=== Section Start ===
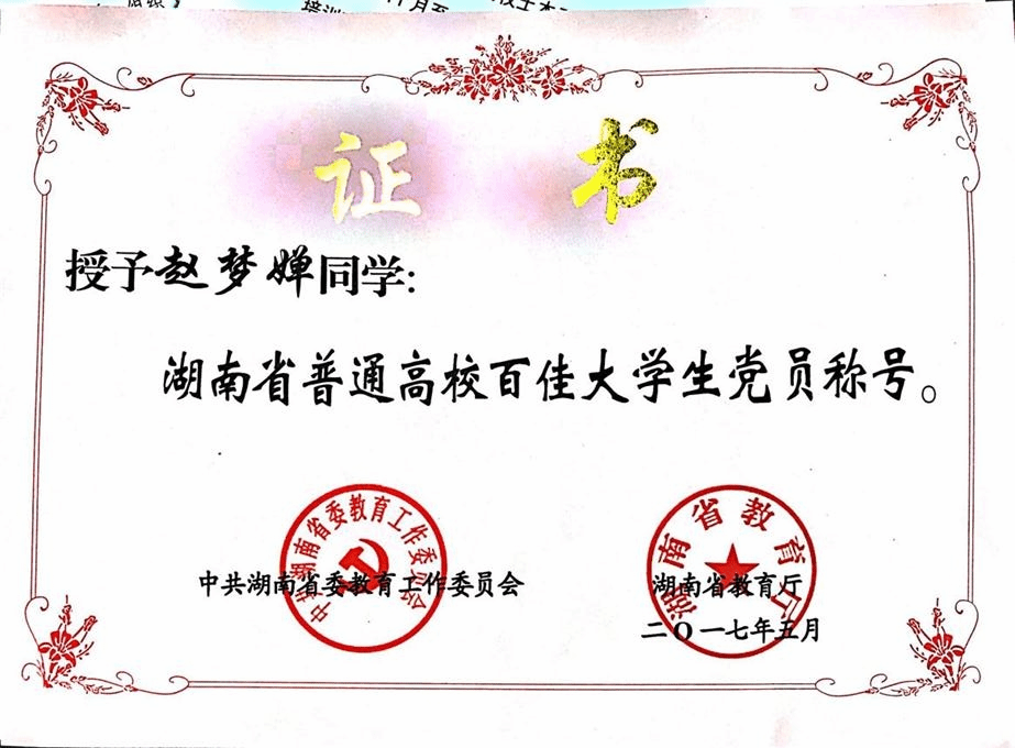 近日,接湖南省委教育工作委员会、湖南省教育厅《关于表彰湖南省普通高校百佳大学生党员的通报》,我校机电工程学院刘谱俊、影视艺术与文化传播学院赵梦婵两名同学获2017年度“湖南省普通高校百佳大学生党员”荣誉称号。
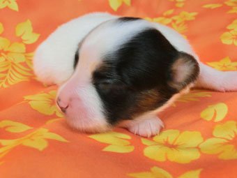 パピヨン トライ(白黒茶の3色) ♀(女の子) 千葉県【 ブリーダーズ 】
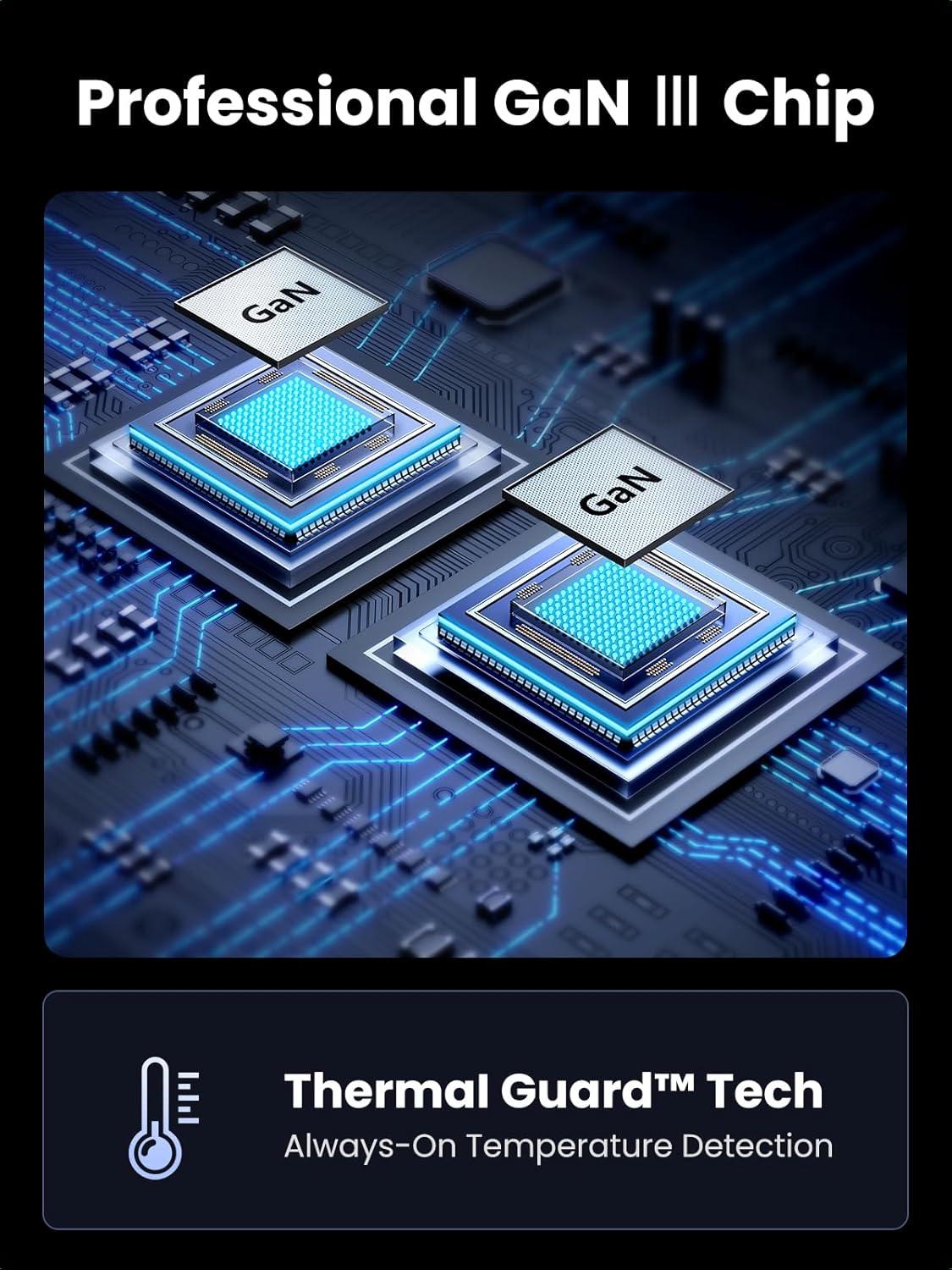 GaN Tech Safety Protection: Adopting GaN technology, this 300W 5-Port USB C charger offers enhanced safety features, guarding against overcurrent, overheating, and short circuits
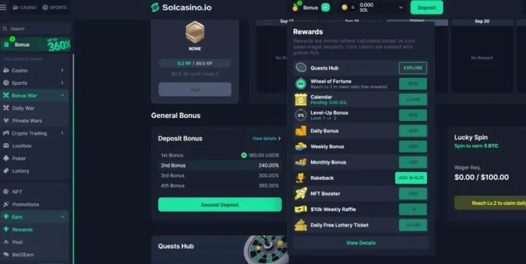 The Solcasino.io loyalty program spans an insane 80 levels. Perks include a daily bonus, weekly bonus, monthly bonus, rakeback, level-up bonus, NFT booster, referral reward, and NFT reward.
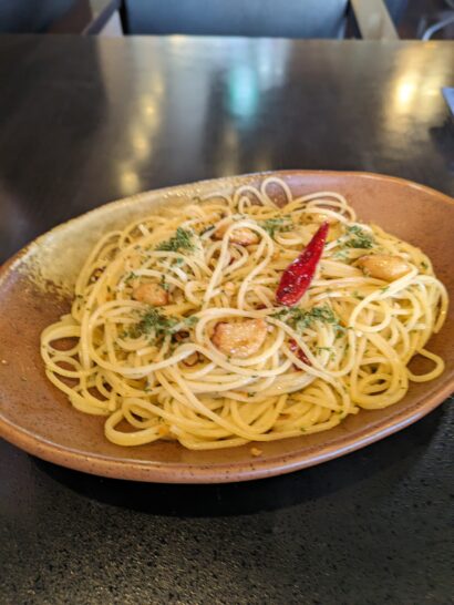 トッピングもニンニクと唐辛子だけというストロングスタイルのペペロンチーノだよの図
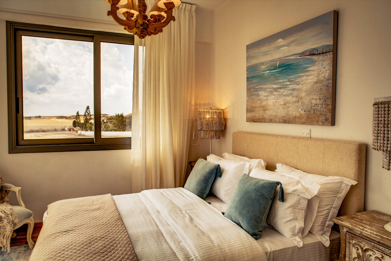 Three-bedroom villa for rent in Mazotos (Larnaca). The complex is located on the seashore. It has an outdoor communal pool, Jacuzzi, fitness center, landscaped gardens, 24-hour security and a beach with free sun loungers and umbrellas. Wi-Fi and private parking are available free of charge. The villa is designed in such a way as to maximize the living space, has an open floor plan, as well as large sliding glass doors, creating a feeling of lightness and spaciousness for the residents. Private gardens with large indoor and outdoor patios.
=== Section End ===
What you have to do
Only the lines from the start of the records through the line containing "パピヨン トライ(白黒茶の3色) ♀(女の子) 千葉県【 ブリーダーズ 】" should be repeated, word for word, with the pictures left out.

Result for this exercise
 近日,接湖南省委教育工作委员会、湖南省教育厅《关于表彰湖南省普通高校百佳大学生党员的通报》,我校机电工程学院刘谱俊、影视艺术与文化传播学院赵梦婵两名同学获2017年度“湖南省普通高校百佳大学生党员”荣誉称号。
 パピヨン トライ(白黒茶の3色) ♀(女の子) 千葉県【 ブリーダーズ 】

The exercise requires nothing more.